Open eval methodology

Benchmark harness is public and forkable. Not "trust us" — reproducible.

Model card

Neuromancer (their reasoning model) has a published card on HuggingFace plastic-labs.

Honcho
Verifiable. Three public benchmarks, open eval code, open source, SOC 2, published model card.
Orectic
Marketing claim. "748 relationships from one client" from OG metadata. No public benchmark, no eval code.
Penumbra
Research preview. No benchmark numbers, no code, no trust badges yet. Not necessarily bad — but earlier stage.
// YOUR STACK

Native plugins for what you already run

This is the largest practical differentiator versus Orectic and Penumbra. Honcho ships first-class plugins for OpenClaw, Hermes Agent, and Claude Code. All three are things Organized AI already runs. Neither Orectic nor Penumbra has a drop-in path into this stack.

OpenClaw plugin

Memory for WhatsApp, Telegram, Discord, Slack agents running on OpenClaw. Restarts the gateway once and it's wired.

Hermes Agent

The NousResearch Hermes Agent has built-in Honcho support. hermes memory setup honcho. Directly relevant to claws-mac-mini.

Claude Code plugin

Persistent memory across CC sessions. Installed via /plugin install honcho@honcho. Solves the "every session is day one" problem.

Agent skill (npx)

For any integration outside the above. Install as a Claude skill via npx skills add plastic-labs/honcho.

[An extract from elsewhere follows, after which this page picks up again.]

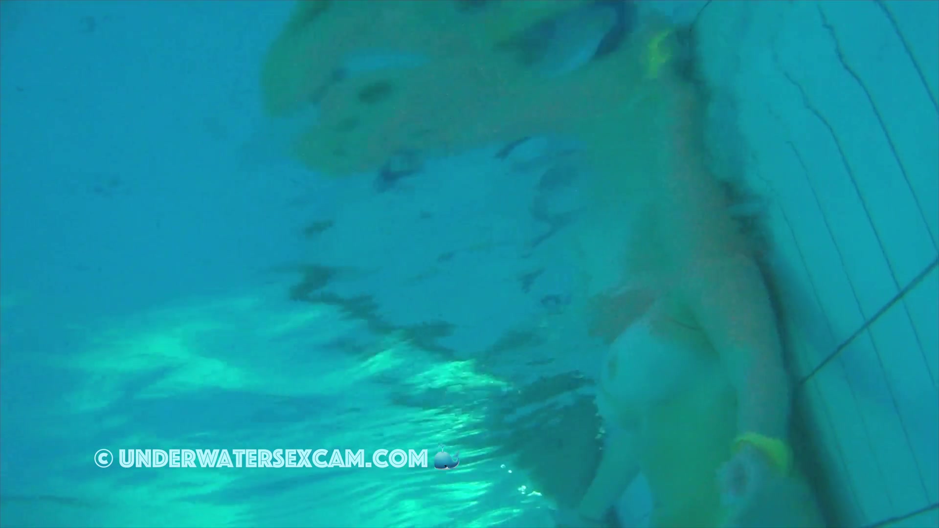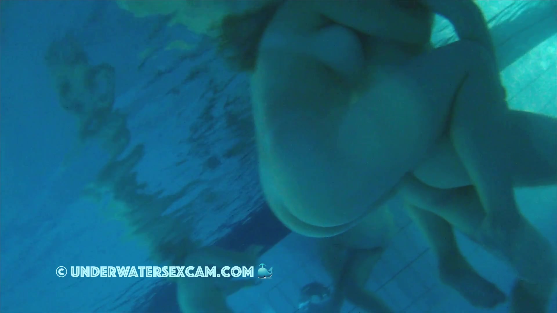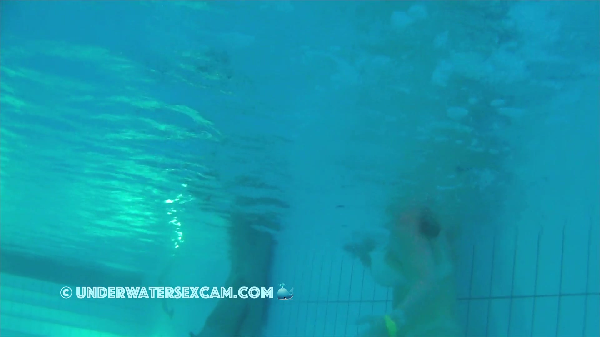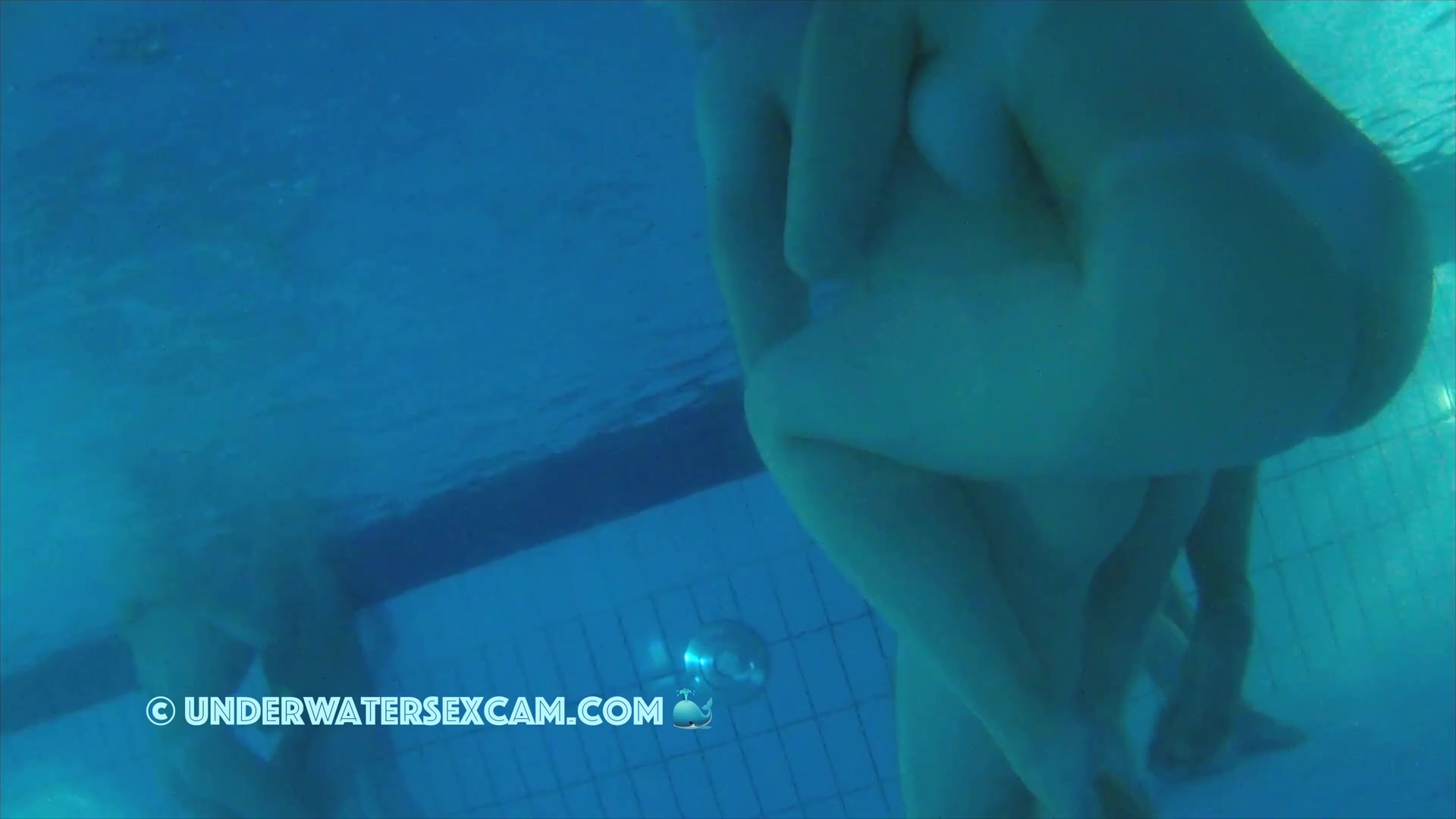 Big white girl with big tits and tan lines in a public pool in the evening while the voyeur is filming with his hidden underwater camera.

Install commands (verbatim from honcho.dev)

# OpenClaw
openclaw plugins install @honcho-ai/openclaw-honcho
openclaw gateway restart

# Hermes Agent (NousResearch)
curl -fsSL https://raw.githubusercontent.com/NousResearch/hermes-agent/main/scripts/install.sh | bash
hermes memory setup honcho

# Claude Code
/plugin marketplace add plastic-labs/claude-honcho
/plugin install honcho@honcho

# Universal skill (npx)
npx skills add plastic-labs/honcho

None of these require touching your existing Orectic-vs-Penumbra evaluation. They can run alongside as a parallel bet.

// DECISION

When to reach for Honcho

A tight framework for deciding whether to add Honcho to a stack, keeping Orectic/Penumbra as separate decisions on the business-memory side.

Use when
You need to remember who each user/agent/NPC is across sessions. Preferences, tone, history, evolving state. Any product where "the LLM forgot me" is a real complaint.
Skip when
Your product doesn't have persistent peers (one-shot tools, batch pipelines, stateless APIs). The memory model is wasted overhead.
Pair with Orectic when
Business objects live in files and you also want to track how each internal user relates to those objects. Orectic knows the deal; Honcho knows how Alex handles it.
Pair with Penumbra when
Your team is authoring an ontology and also building agents that interact with named users. Penumbra provides the domain substrate; Honcho provides the peer state.
For your stack specifically
The Claude Code plugin is the cheapest first evaluation — no infra change, immediate persistent-memory value across CC sessions. OpenClaw + Hermes plugins are the next step up if that lands well.
// IMPLEMENTATION

Stack & conventions

Same single-file HTML pattern as the other four sibling sites. Dark terminal theme, monospace topbar, sticky sidebar. ASCII diagrams use highlight spans — this page adds purple (.hp) as the Honcho-specific accent to visually distinguish it from Orectic (amber) and Penumbra (teal) in shared diagrams.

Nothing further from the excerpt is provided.